Haojian Jin, Minyi Liu, Kevan Dodhia, Yuanchun Li, Gaurav Srivastava, Matthew Fredrikson, Yuvraj Agarwal, and Jason I. Hong
Proceedings of the ACM on Interactive, Mobile, Wearable and Ubiquitous Technologies (IMWUT)
Many smartphone apps collect potentially sensitive personal data and send it to cloud servers. However, most mobile users have a poor understanding of why their data is being collected. We present MobiPurpose, a novel technique that can take a network request made by an Android app and then classify the data collection purposes, as one step towards making it possible to explain to non-experts the data disclosure contexts.

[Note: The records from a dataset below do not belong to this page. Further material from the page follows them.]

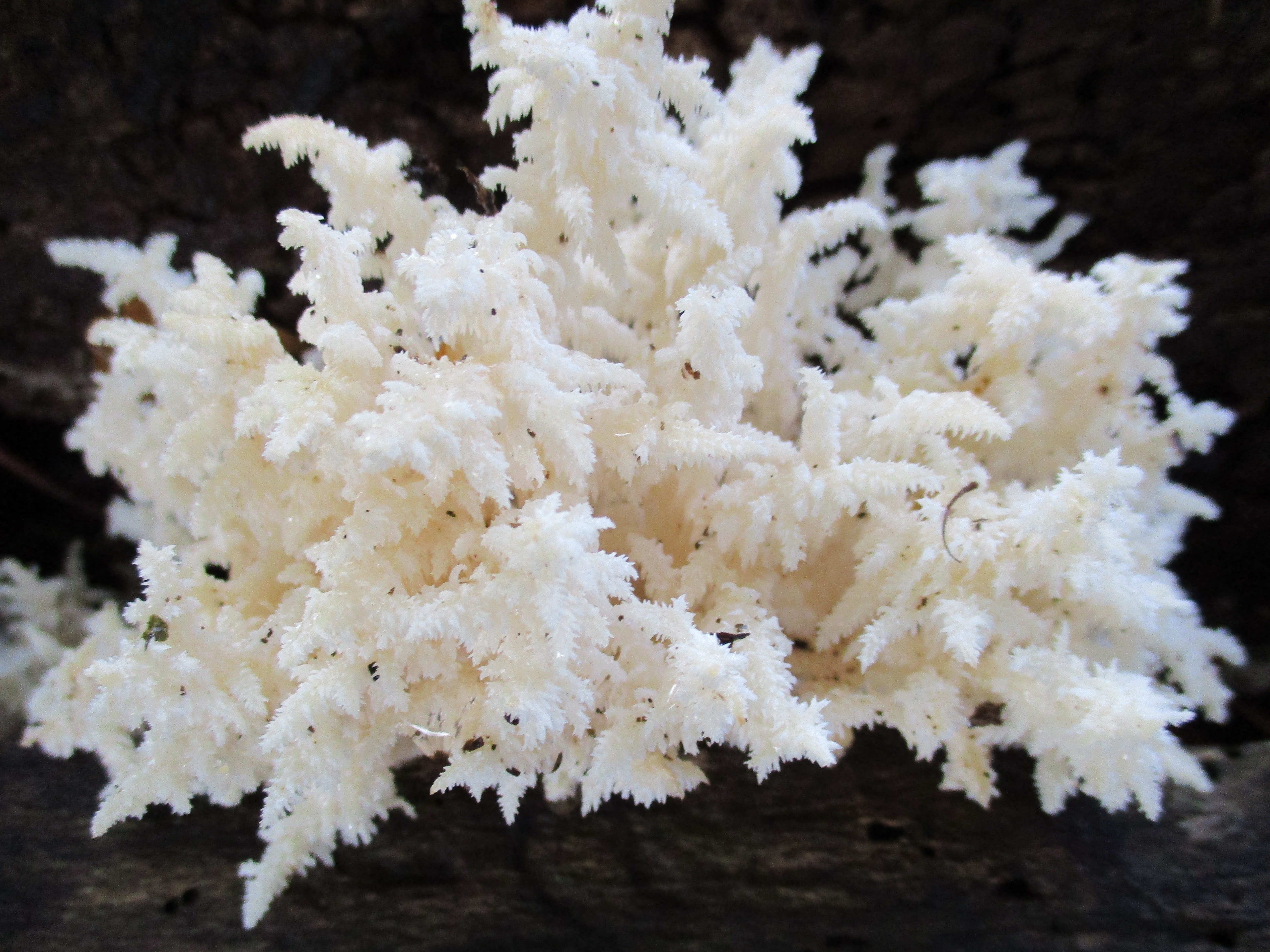 coral tooth fungus Hericium coralloides found on dead wood
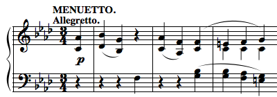 Excerpt from Beethoven's Sonata No.1 Mvt. 3 (Op. 2, No. 1)
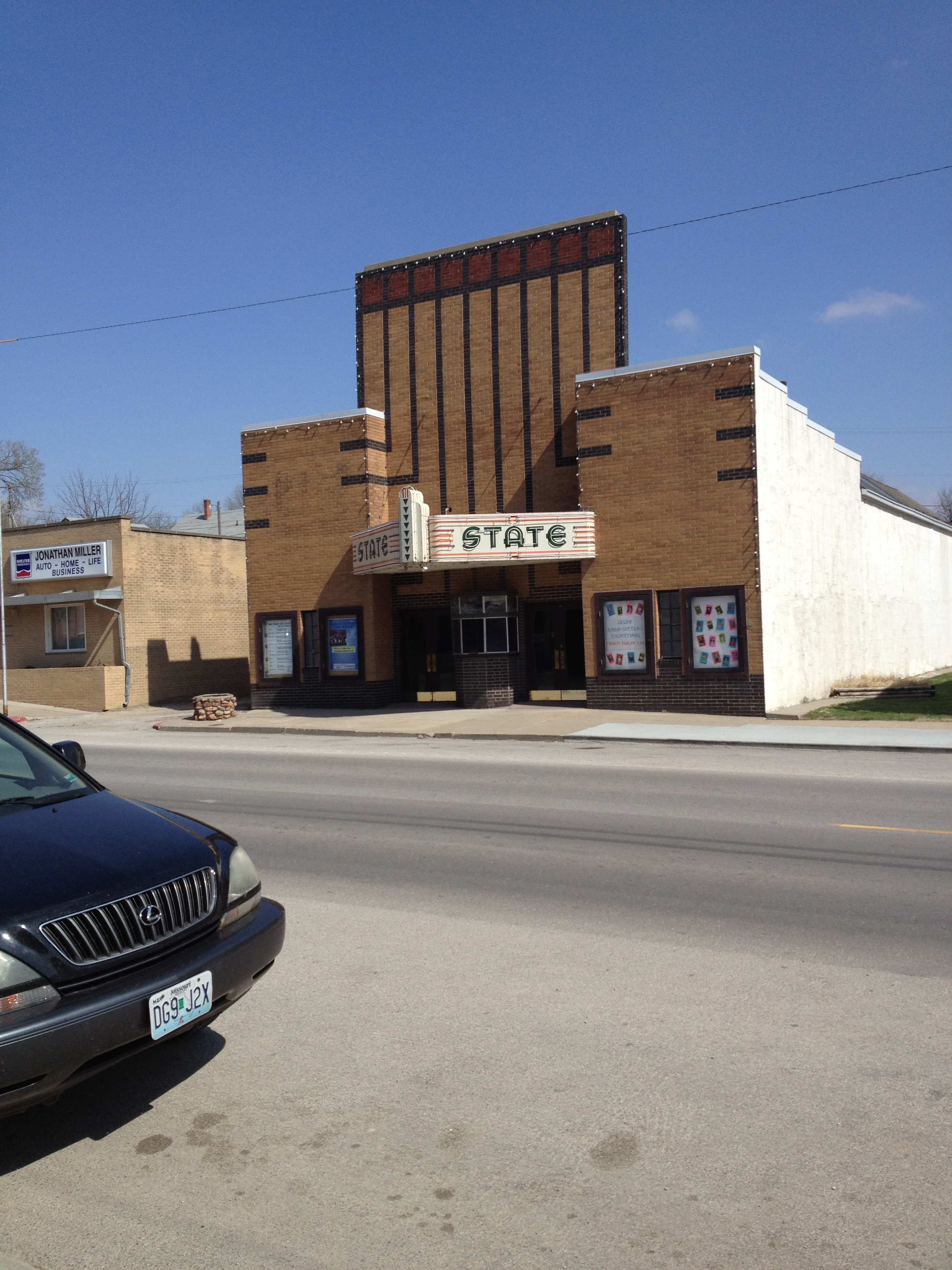 Photo of State Theater in Mound City, Missouri taken from front of building across street
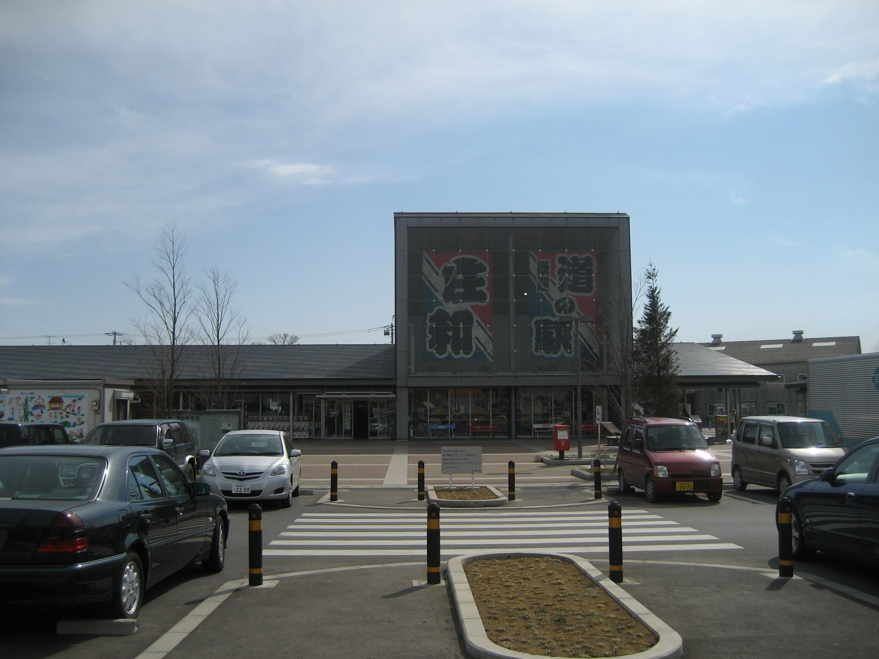 Michinoeki Showa
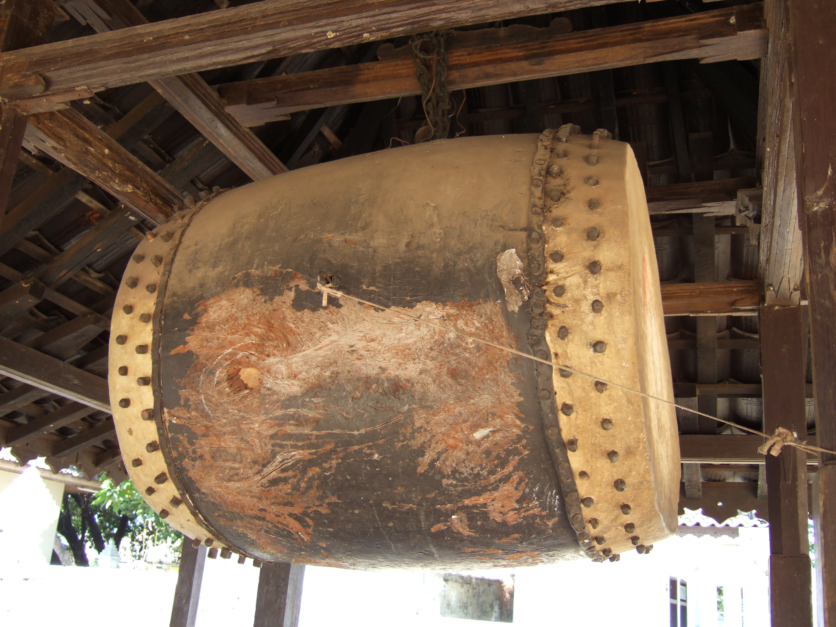 Beduk (big drum), Keraton Kasepuhan, Cirebon, Indonesia
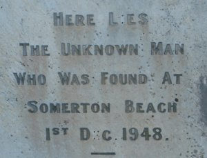 Tombstone of The Somerton Man found at Somerton Beach, Adelaide, at his gravesite. He died 1 December 1948 and was buried on 14 June 1949.
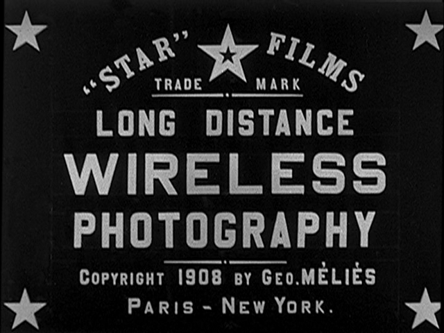 Title card from Georges Méliès's film Long Distance Wireless Photography (1908).
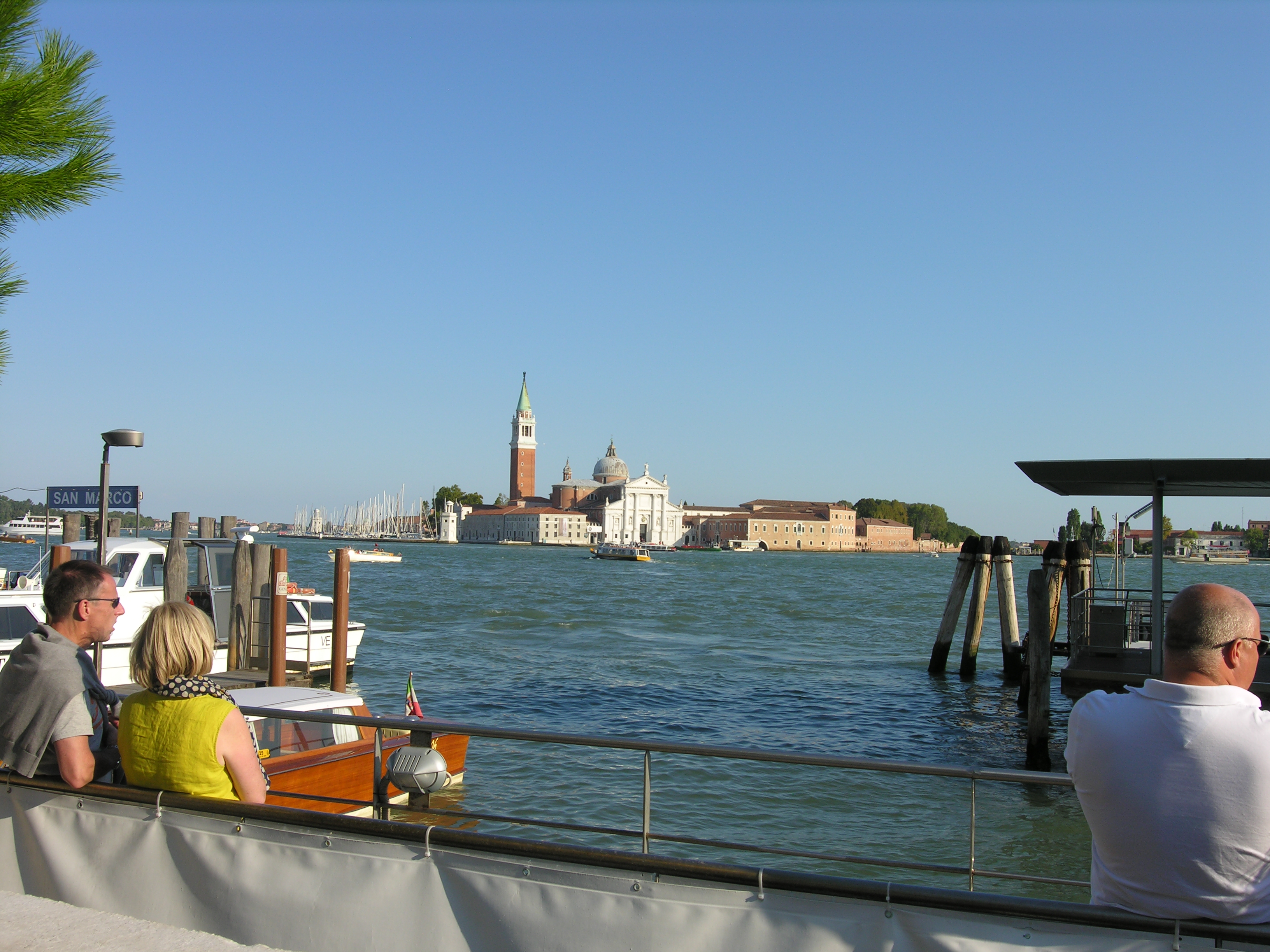 San Marco, 30100 Venice, Italy

Our purpose inference works by leveraging two observations: 1) developer naming conventions (e.g., URL paths) often offer hints as to data collection purposes, and 2) external knowledge, such as app metadata and information about the domain name, are meaningful cues that can be used to infer the behavior of different traffic requests. MobiPurpose parses each traffic request body into key-value pairs, and infers the data type and data collection purpose of each key-value pair using a combination of supervised learning and text pattern bootstrapping. We evaluated MobiPurpose’s effectiveness using a dataset cross-labeled by ten human experts. Our results show that MobiPurpose can predict the data collection purpose with an average precision of 84% (among 19 unique categories).